It’s almost more valuable to listen to somebody else get coached than actually get coached because you’re open to so many potential problems or potential things that are happening with you. That you’re just not even aware they’re happening with you until someone else says it. And you’re like, “Whoa. I didn’t even know it but that’s exactly what I’m doing or that’s exactly what’s happening.” It makes you so much more prepared to be in that room.

Janae: Yeah. And it’s like you also – and I experience this in 2K as well. Sometimes we have the thought of I’m the only one struggling with this. Or I’m the only one who’s stuck in this place. And then you see someone get coached live and you’re like, “Oh my gosh, our brains are doing the same thing.”

Stacey: Do you find that one of the thoughts that you have to teach your students and constantly reiterate for them is I am smart enough?

Janae: I find that yes, we go through it often.

Stacey: Because I was just thinking that’s the thought that I would pay you – how much is your program, $2,000?

Janae: Yeah. And it’s actually under that, it’s around 1500.

Stacey: Okay. So that’s the thought that people pay you for. Ultimately they pay that money to develop that thought that I am smart enough to go to whatever, I don’t know if it’s only ivy league colleges or if it’s any colleges. But it’s like I am smart enough to go to that college. I am smart enough to get the results I want on this test. Because I think that that’s the same as entrepreneurship. They pay me to believe, whether it’s their version of smart enough to become an entrepreneur and to make money as a coach.

Janae: Exactly. And yes, and it’s also, it’s taking the time to work on that belief because like I said it completely runs down the model. If you’re believing I’m not smart enough, I’m not good enough, I can’t do this, what’s your result going to be? If you’re shifting and you have the support as you’re going throughout this process where you then begin to shift that belief for yourself, your results will shift automatically. And so that’s really just what we’re doing. And we give our students the time to do it.

Because for some students they join and in two weeks they’re at where they want to be and we’re moving on their college applications. And we’re getting them to their dream school. For my other students sometimes, it takes them six months and that’s okay. Just like you were talking about with slow burners. I’m like, “I’m not here for only the students who are going to learn in three weeks. I’m here for the students who are going to learn in three weeks. And I’m here for the students who are going to take nine months to do it.”

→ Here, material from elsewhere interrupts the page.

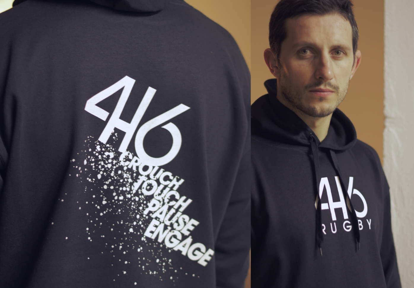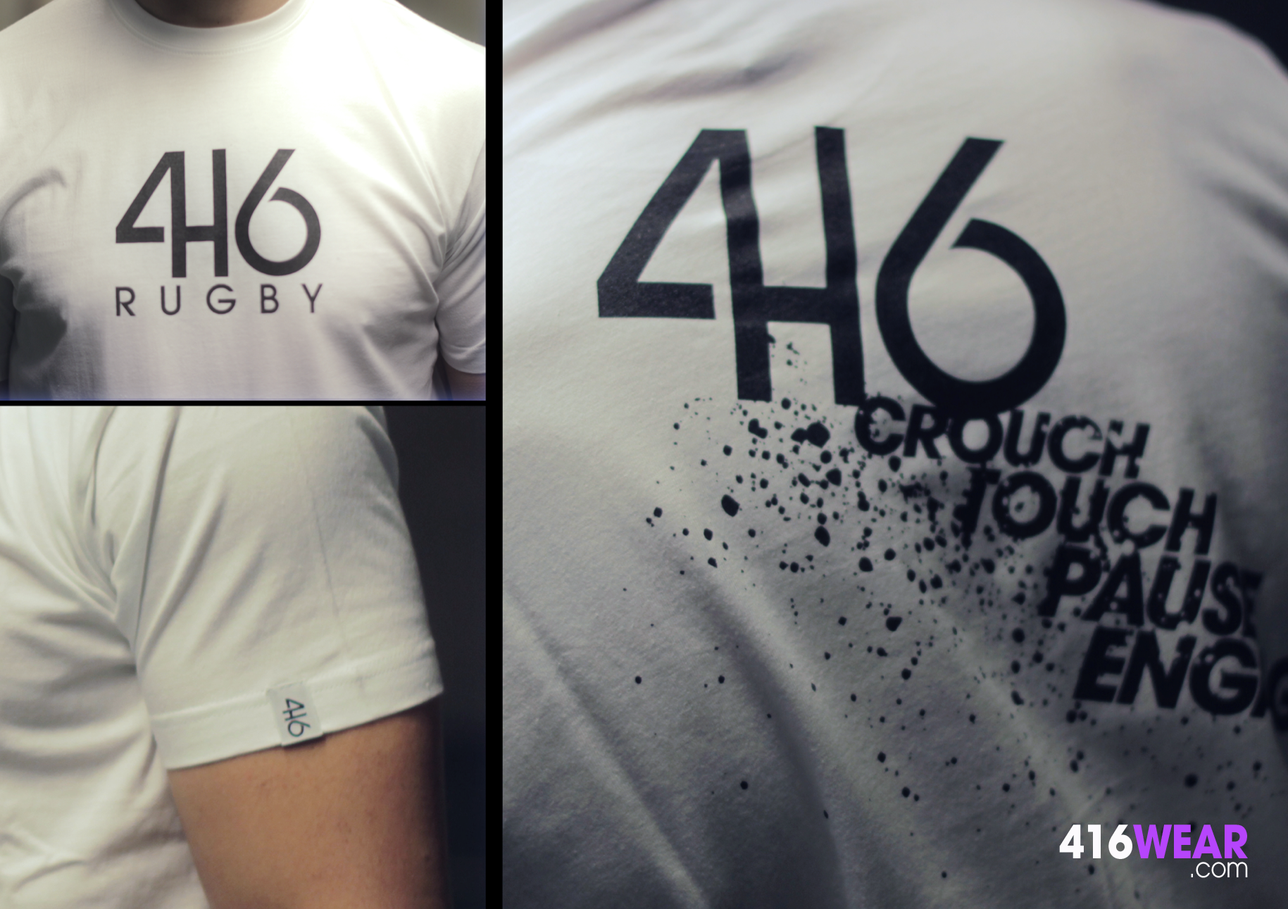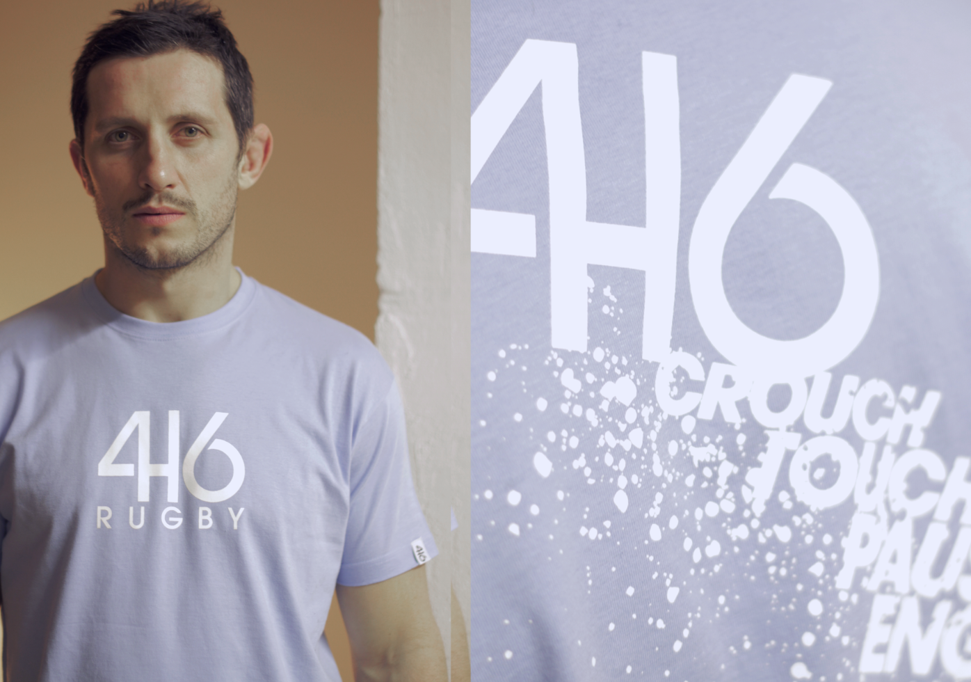 Fichier TIFF - HD - 300 dpi - Modèle Tyre avec Thomas Domingo et le modèle 416 Rugby blanc avec les commandements dans le dos "Crouch, Pause, Touch, Engage"

Stacey: Yes, yes, or even longer, 100%. I love this so much. I am so excited for your students. It’s the most incredible thing that you’re offering them is that belief that they can. And also, this is the other thing I thought about but I’ll say it, it’s the final thing I’ll add to. I think that what helps them develop the I am smart enough belief is because you have so meticulously addressed the process of it. Because I think, again thinking back to entrepreneurship the reason a lot of people think they can’t do it is they just don’t understand how to actually sell.

That it’s not just winging it and you have the sales personality or not. It’s that there are five things you have to do on a consult or people are going to say no. There’s 14 mistakes that if you make them they’re going to say no. And it’s not this ambiguous, there are some people who are bestowed and gifted, talent to become entrepreneurs. And the same is true, I am thinking of myself for sure. I would have considered myself not smart enough.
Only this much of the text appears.